> _Work required_: Repeat exactly the lines running from the first line of the data to the line containing "Our Merch shop", both ends included, and nothing else; drop the pictures.

━━━━━ Given information

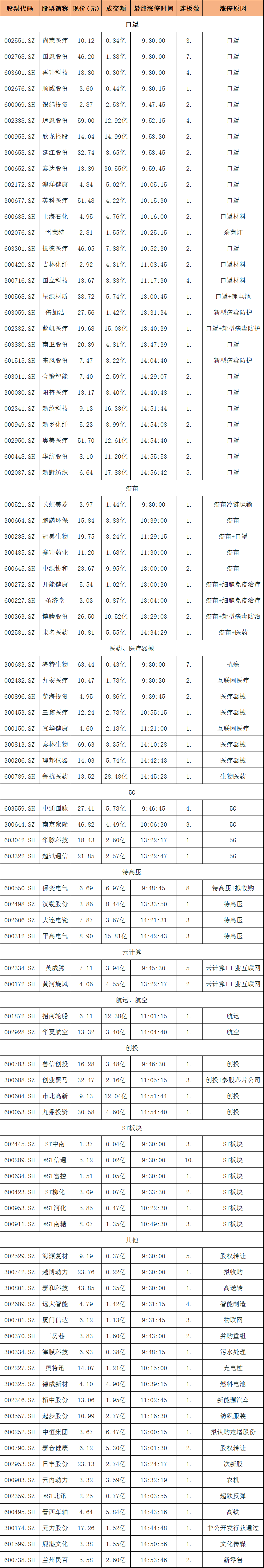 盘面上看,受国内、国际疫情影响,口罩板块依旧表现强势,国恩股份七连板,另有欣龙控股、冠昊生物、阳普医疗、蓝矾医疗等近15支个股涨停。特高压延续上周表现,大连电磁、保变电气、平高电气连板,汉缆股份涨停,汇金通、安靠智电、中国西电等跟涨。午后由于消息面影响,细胞免疫治疗、草地贪夜蛾防治、互联网彩票、超级真菌板块都有拉升表现,其中超级真菌板块泰合健康、海王生物、鲁抗医药、未名医药涨停。前期表现活跃的云办公、无线耳机、集成电路、半导体等板块全天表现疲软,跌幅居前。
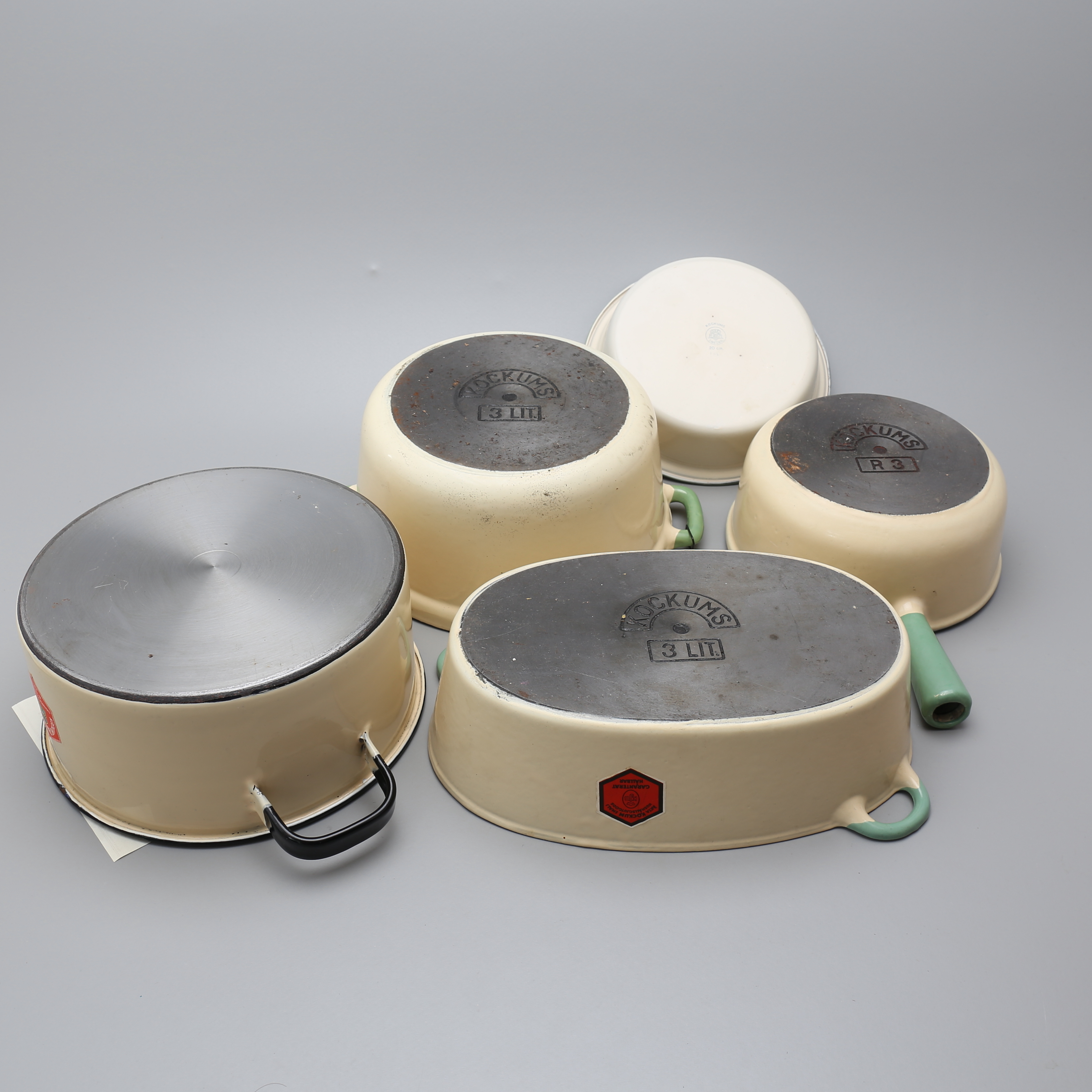 307239. EMALJERADE GRYTOR, 5 st, Kockums.
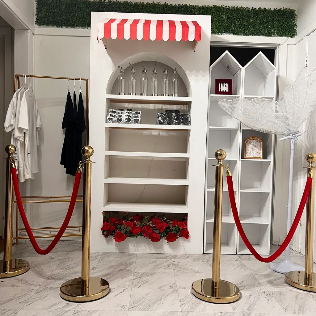 Our Merch shop storefront-style canopy can be customized to suit your preferences that includes our floral arrangement and our stanchion VIP rope.
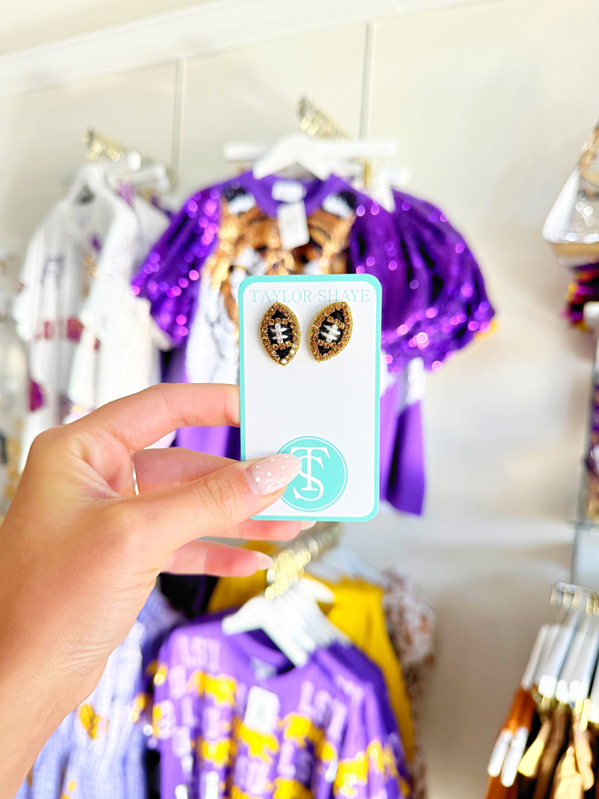 Elevate your gameday look with these stunning gold beaded football studs that blend athletic spirit with sophisticated style. Each stud features intricate beading that catches the light, making them the perfect accessory for fans who want to show their passion with elegance. Whether you're heading to the stadium or cheering from the sidelines, these eye-catching pieces add a touch of glamour to your gameday outfit. Lightweight and comfortable for all-day wear, they're designed to keep you looking polished from kickoff to the final whistle.

━━━━━━━━━━

> _Response to the task_:
 盘面上看,受国内、国际疫情影响,口罩板块依旧表现强势,国恩股份七连板,另有欣龙控股、冠昊生物、阳普医疗、蓝矾医疗等近15支个股涨停。特高压延续上周表现,大连电磁、保变电气、平高电气连板,汉缆股份涨停,汇金通、安靠智电、中国西电等跟涨。午后由于消息面影响,细胞免疫治疗、草地贪夜蛾防治、互联网彩票、超级真菌板块都有拉升表现,其中超级真菌板块泰合健康、海王生物、鲁抗医药、未名医药涨停。前期表现活跃的云办公、无线耳机、集成电路、半导体等板块全天表现疲软,跌幅居前。
 307239. EMALJERADE GRYTOR, 5 st, Kockums.
 Our Merch shop storefront-style canopy can be customized to suit your preferences that includes our floral arrangement and our stanchion VIP rope.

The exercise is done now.